I followed the implementation of the du command (first half)

Introduction

du is a command to display the directory capacity. If you use it without options, it will display all the directory capacities under the current directory. This time, I will follow the implementation to see how the function is realized.

Expected

As a behavior, it would be nice if there was a function to trace the directory and add up the file size in it. For that, the following functions are likely to be required.

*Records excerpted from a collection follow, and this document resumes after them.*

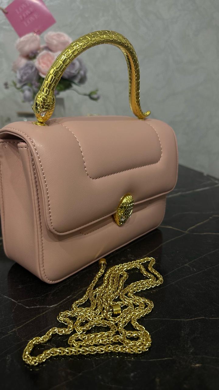 Элегантная сумка Bvlgari в нежно-розовом оттенке. Стильная, лёгкая подчёркивает образ и добавляет роскоши в любую деталь. Кожа мягкая, фурнитура блестящая. Универсальный размер удобно носить и днём, и на вечерний выход. Артикул: 372345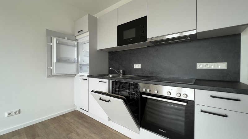 Einbauküche, Fußbodenheizung, Balkone/Terrassen, Design-Vinyl-Boden in Holzoptik, Bad mit hochwertiger Ausstattung.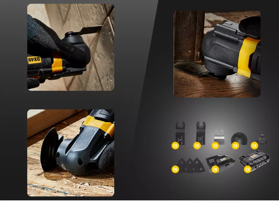 Реноватор CAT DX49.1 — це не просто інструмент, а цілий набір можливостей, готовий до різних завдань. У комплекті ви отримуєте п'ять насадок, кожна з яких стане вашим незамінним помічником:
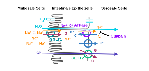 Die Epithelzellen des Darms bilden die Schnittstelle zwischen dem Darmlumen (mukosale Seite) und dem Blut (serosale Seite) und verfügen über viele verschiedene Rezeptoren und Kanäle, die den Fluss verschiedener Moleküle in beide Richtungen ermöglichen.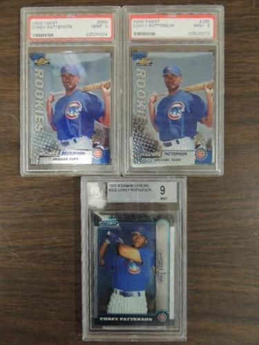 LOT 3 1999 COREY PATTERSON GRADED BASEBALL CARDS. (2) FINEST #285 & BOWMAN #352. AS SHOWN. VIEW PICTURE FOR DETAIL.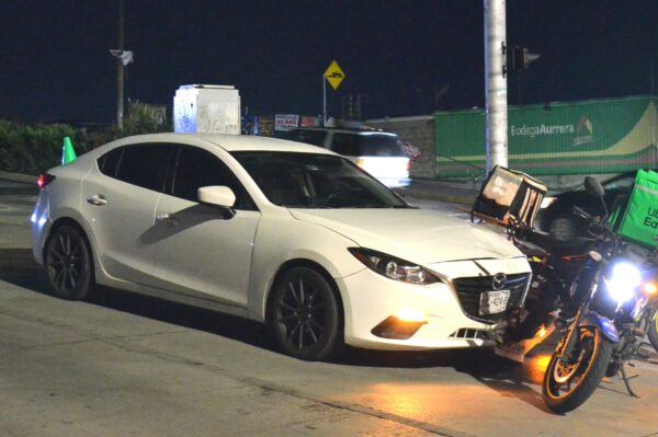 La colisión se produjo al momento en que el tripulante de la motocicleta (repartidor por aplicación), circulaba en dirección de sur a norte sobre la mencionada arteria y detenía la marcha al llegar a la intersección con la calle Azabache, por la luz roja del semáforo.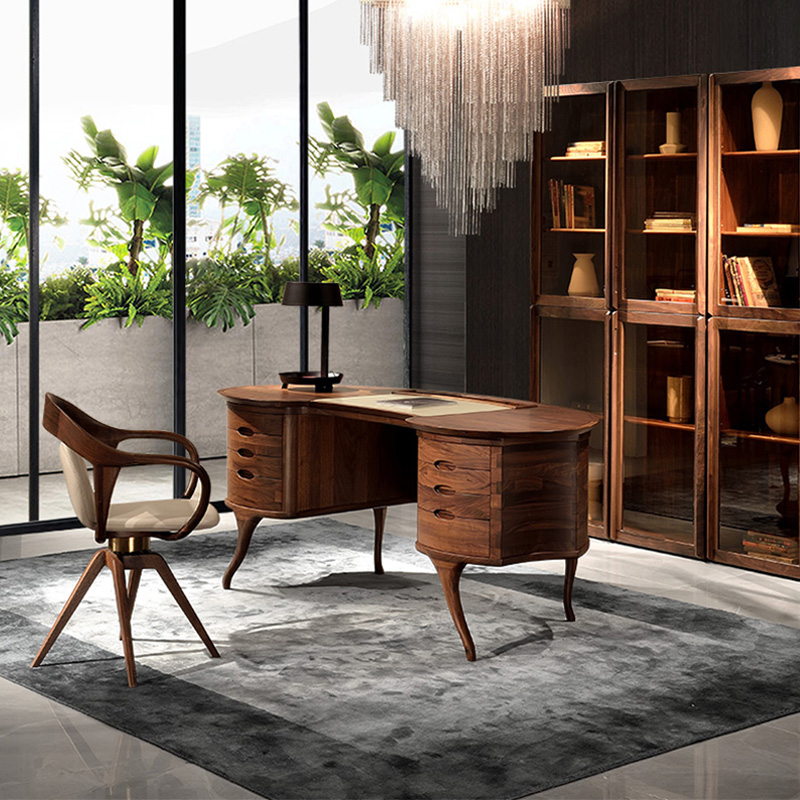 北美黑胡桃木书桌北欧家具书房桌子电脑台轻奢意式实木办公桌家用
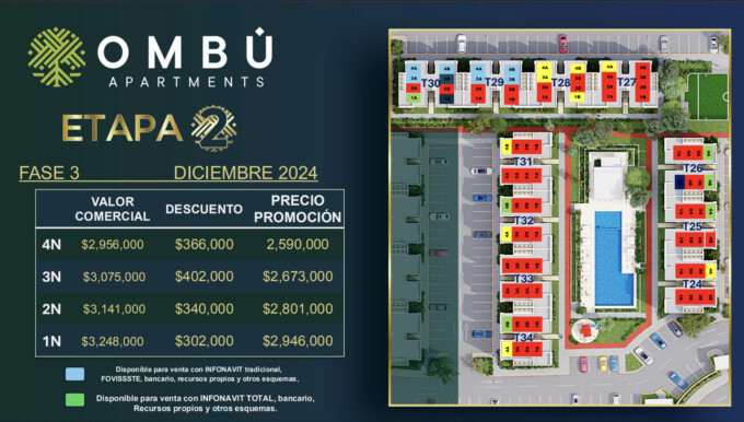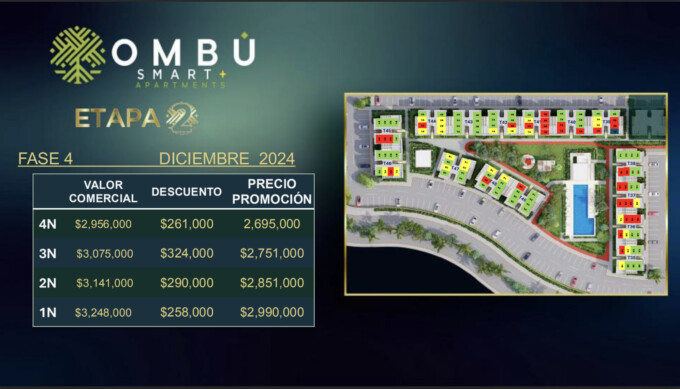 Te comparto que este mes en Ombú Apartments, tenemos para ti más de $350,000 de descuento 🤩 y los precios finales quedarían desde: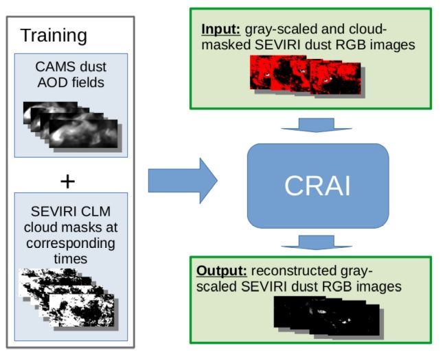 Schematic illustration of this study's set-up. This study relies on the publicly available climatereconstructionAI (CRAI) code (blue box). To train the CRAI we use a combination of dust aerosol optical depth fields provided by Copernicus Atmosphere Monitoring Service and the Meteosat Second Generation-Spinning Enhanced Visible and Infrared Imager (SEVIRI) cloud mask product CLM provided by EUMETSAT (gray-framed box). Once trained, we provide gray-scaled images, we derived from the SEVIRI Dust RGB product, combined with the corresponding cloud mask as input (upper green box). The CRAI provides reconstructed gray-scaled images, in which cloud-masked pixels have been in-painted as output (lower green box).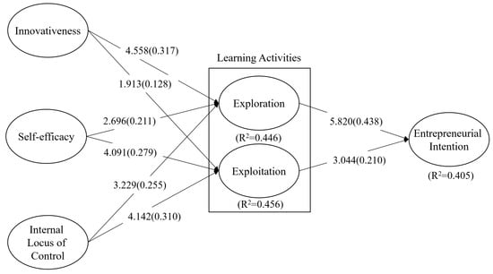 As Table 7 shows, the test results indicate that all hypotheses are supported. Exploration was significantly influenced by innovativeness (β = 0.075 t = 4.145, p < 0.05), self-efficacy (β = 0.068 t = 1.892, p < 0.058), and internal locus of control (β = 0.068 t = 4.127, p < 0.05), suggesting support for H1.1, H2.1, and H3.1. However, there was a lack of effect size on self-efficacy in exploration, so we concluded that the H2.1 is rejected. We can assume that even if the prospective entrepreneurs possess self-efficacy about new start-ups, exploration activities naturally do not confirm the outcomes. Thus, self-efficacy could not strongly relate to the exploration activities that require uncertainties and accidental findings. For exploitation activities, innovativeness (β = 0.080 t = 3.180, p < 0.05), self-efficacy (β = 0.070 t = 4.555, p < 0.05), and internal locus of control (β = 0.078 t = 2.707, p < 0.05) positively influenced exploitation, suggesting support for H1.2, H2.2, and H3.2. Finally, as mediators between personal traits and entrepreneurial intention, exploration (β = 0.068 t = 3.062, p < 0.05) and exploitation (β = 0.074 t = 5.929, p < 0.05) significantly influenced entrepreneurial intention, suggesting support for H4.1 and H4.2.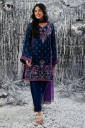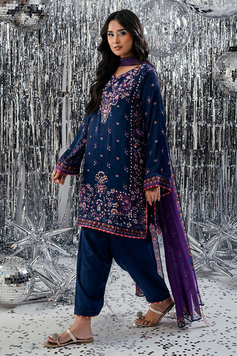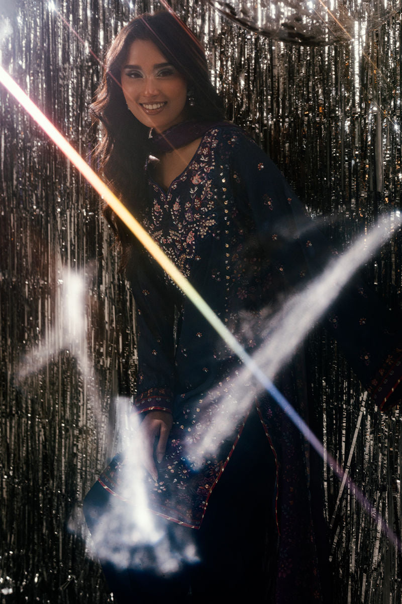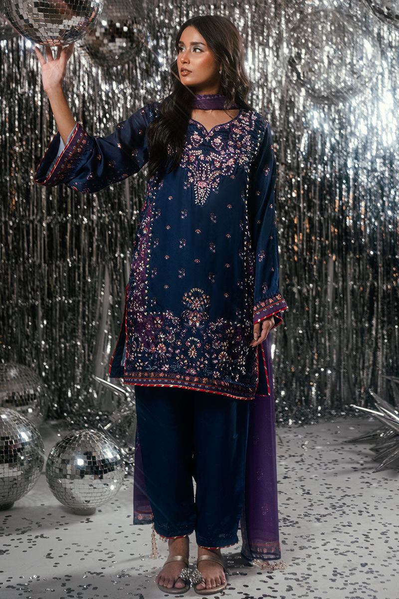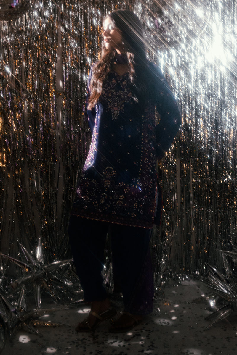 A captivating play of deep blue and regal purple tones, Midnight Amethyst exudes timeless sophistication. The short shirt is adorned with intricate handwork and delicate embroidery, adding subtle glamour to its rich color palette. Paired with a coordinated trouser and a beautifully composed digital print dupatta, this ensemble strikes the perfect balance between modern refinement and classic allure ideal for festive evenings and elegant gatherings.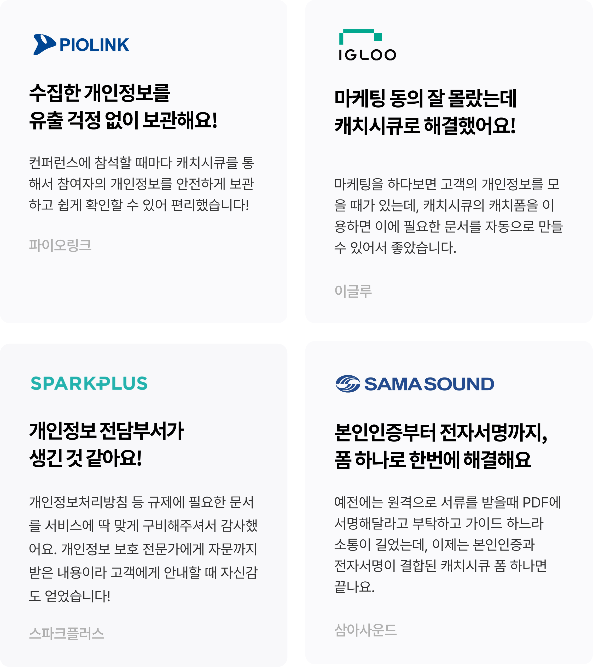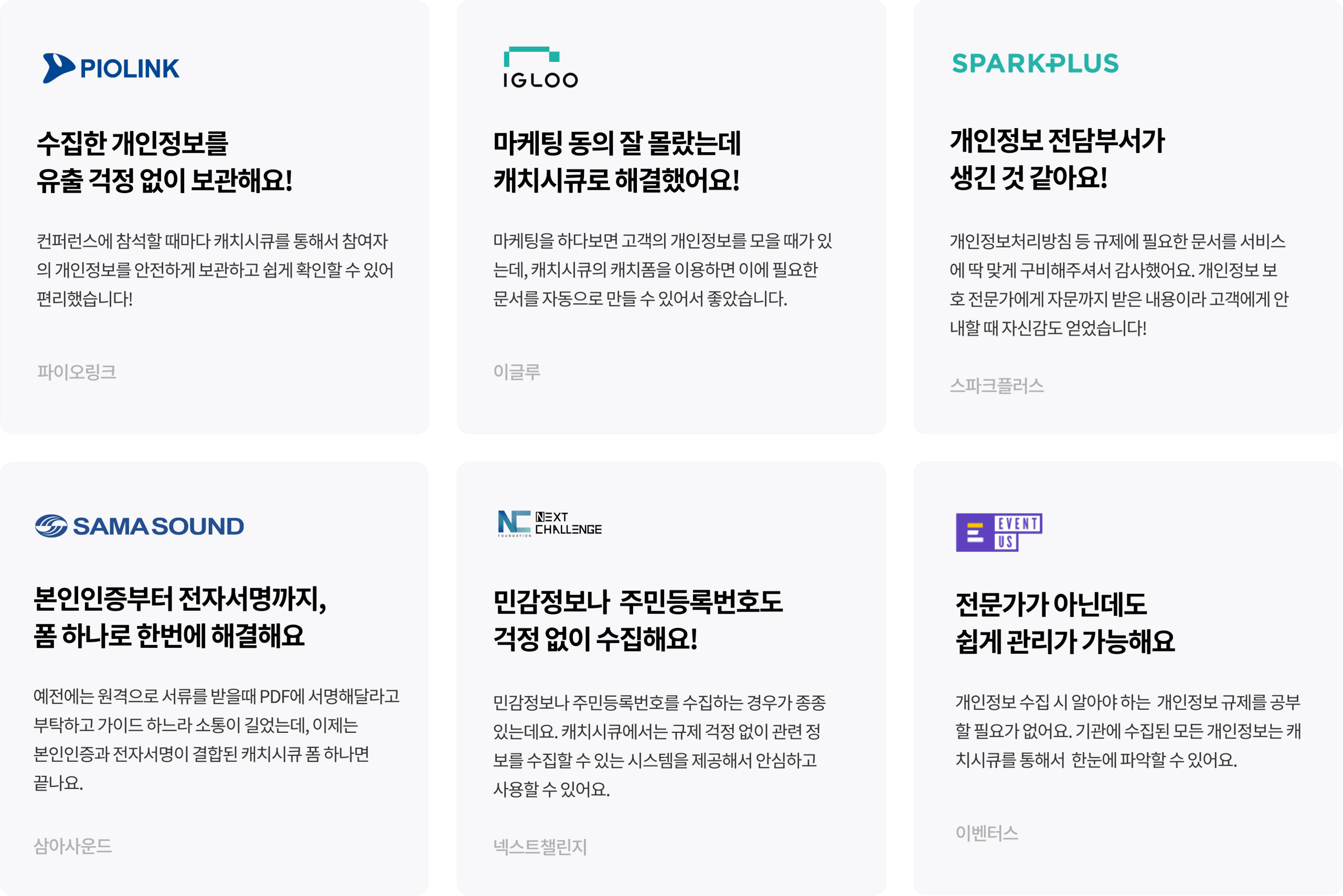 불시에 개인 정보 유출, 침해 등의 문제가 발생하는 경우 기업 내부에 법무팀이나 보안팀이 없다면 규제 대응이 어렵습니다. 캐치시큐를 이용하시면 저렴한 월 비용으로 개인 정보보호 규제에 즉각 대응할 수 있는 담당자의 역할을 대신할 수 있습니다.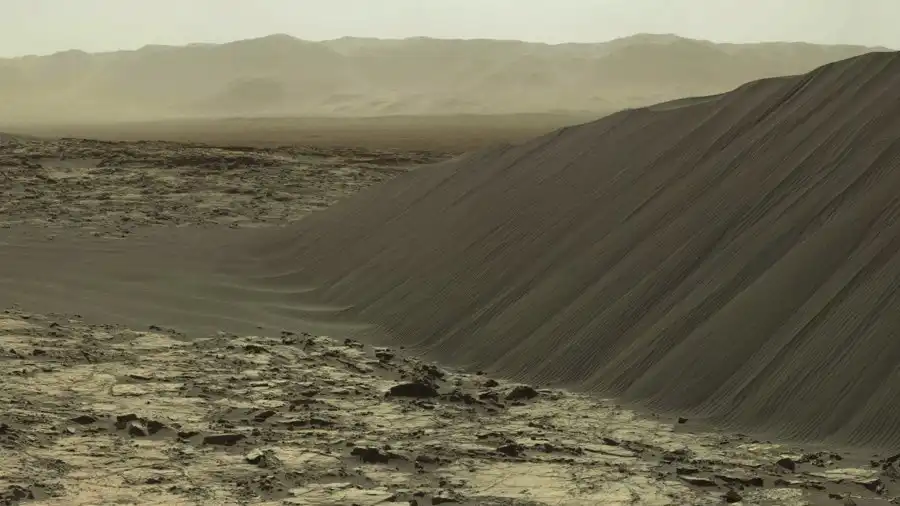 Долгие два года Curiosity не решался подступиться к горе Шарпа, хотя был послан для ее изучения. Мешали отложения темного песка, которые перегородили путь, поэтому их приходилось обходить стороной. Марсоход двигался вдоль горы, а черные дюны постоянно маячили у подножия, иногда напоминая застывшее море, иногда - старое шоссе.

  1. Follow directories and files in order
  2. Get the file size
  3. Sum the file size in the directory

Let's look at the implementation, focusing on how these features are realized.

Follow the implementation

This time we'll look at the du.c source code included in GNU coreutils. The main function calls du_files ().

python


/* Recursively print the sizes of the directories (and, if selected, files)
   named in FILES, the last entry of which is NULL.
   BIT_FLAGS controls how fts works.
   Return true if successful.  */

static bool
du_files (char **files, int bit_flags)
{
  bool ok = true;

  if (*files)
    {
      FTS *fts = xfts_open (files, bit_flags, NULL); //(1)

      while (1)
        {
          FTSENT *ent;

          ent = fts_read (fts); //(2)
          if (ent == NULL)
            {
              if (errno != 0)
                {
                  error (0, errno, _("fts_read failed"));
                  ok = false;
                }
              break;
            }
          FTS_CROSS_CHECK (fts);
          ok &= process_file (fts, ent); //(3)
        }

      if (fts_close (fts) != 0)
        {
          error (0, errno, _("fts_close failed"));
          ok = false;
        }
    }

  return ok;
}

The processing performed here is the following three.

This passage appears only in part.